_Task description:_
Print exactly and only the lines that run from the one containing "The patient responded" through the end of the material, please, omitting pictures.

_Raw data:_
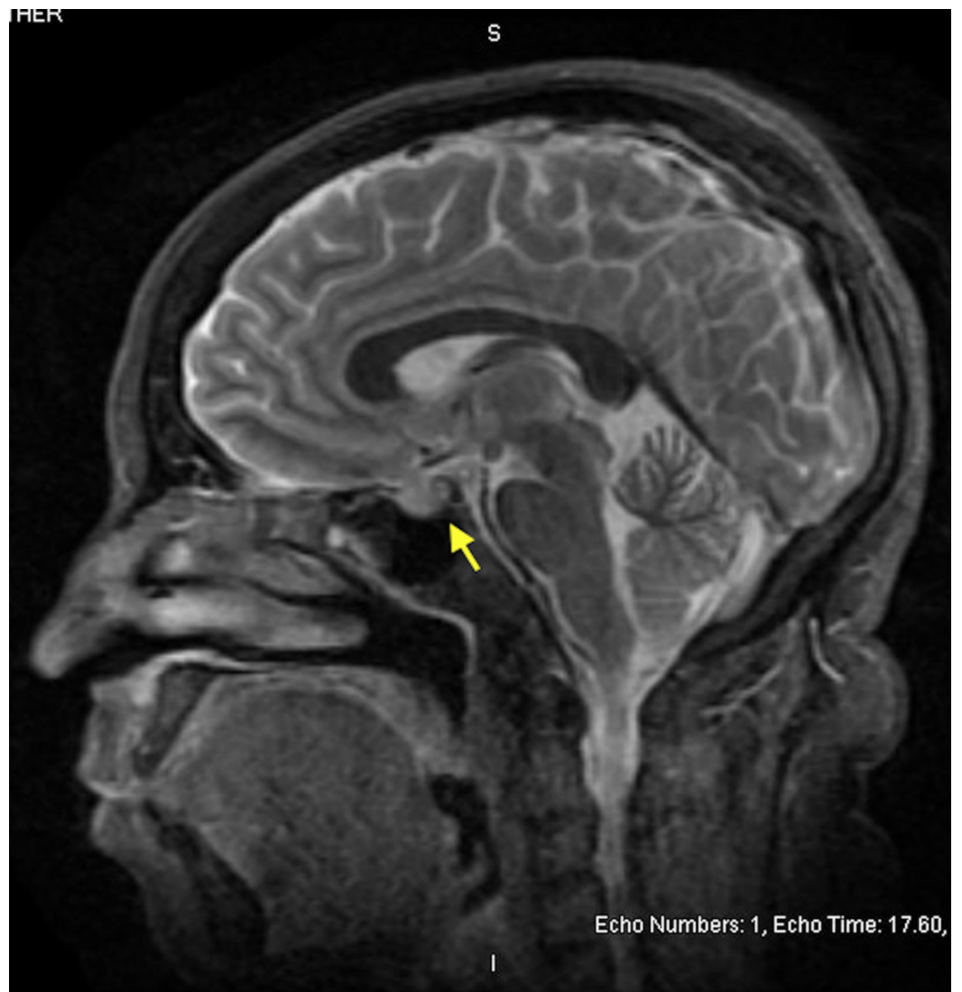
FIGURE 3: MRI brain in sagittal section showing abnormal enlargement of the pituitary gland (yellow arrow) with extension into the supra-stellar cistern abutting the undersurface of optic chiasm.

The patient responded to oral corticosteroid therapy with significant improvement in pain, discharge, and breast wound. However, due to recurrence of the symptoms with discontinuation of prednisone, she remained on 10 mg prednisone daily at the end of eight months. The plan is to add methotrexate as a steroid sparing agent. She established care with endocrinology for further management of prolactinoma and she was started on bromocriptine 2.5 mg once daily dose.
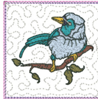
Sml-Corner-Block-4x4.vip 2.95x2.95 inches; 6,730 stitches 12 thread changes; 10 colors

_Response below:_
The patient responded to oral corticosteroid therapy with significant improvement in pain, discharge, and breast wound. However, due to recurrence of the symptoms with discontinuation of prednisone, she remained on 10 mg prednisone daily at the end of eight months. The plan is to add methotrexate as a steroid sparing agent. She established care with endocrinology for further management of prolactinoma and she was started on bromocriptine 2.5 mg once daily dose.
Sml-Corner-Block-4x4.vip 2.95x2.95 inches; 6,730 stitches 12 thread changes; 10 colors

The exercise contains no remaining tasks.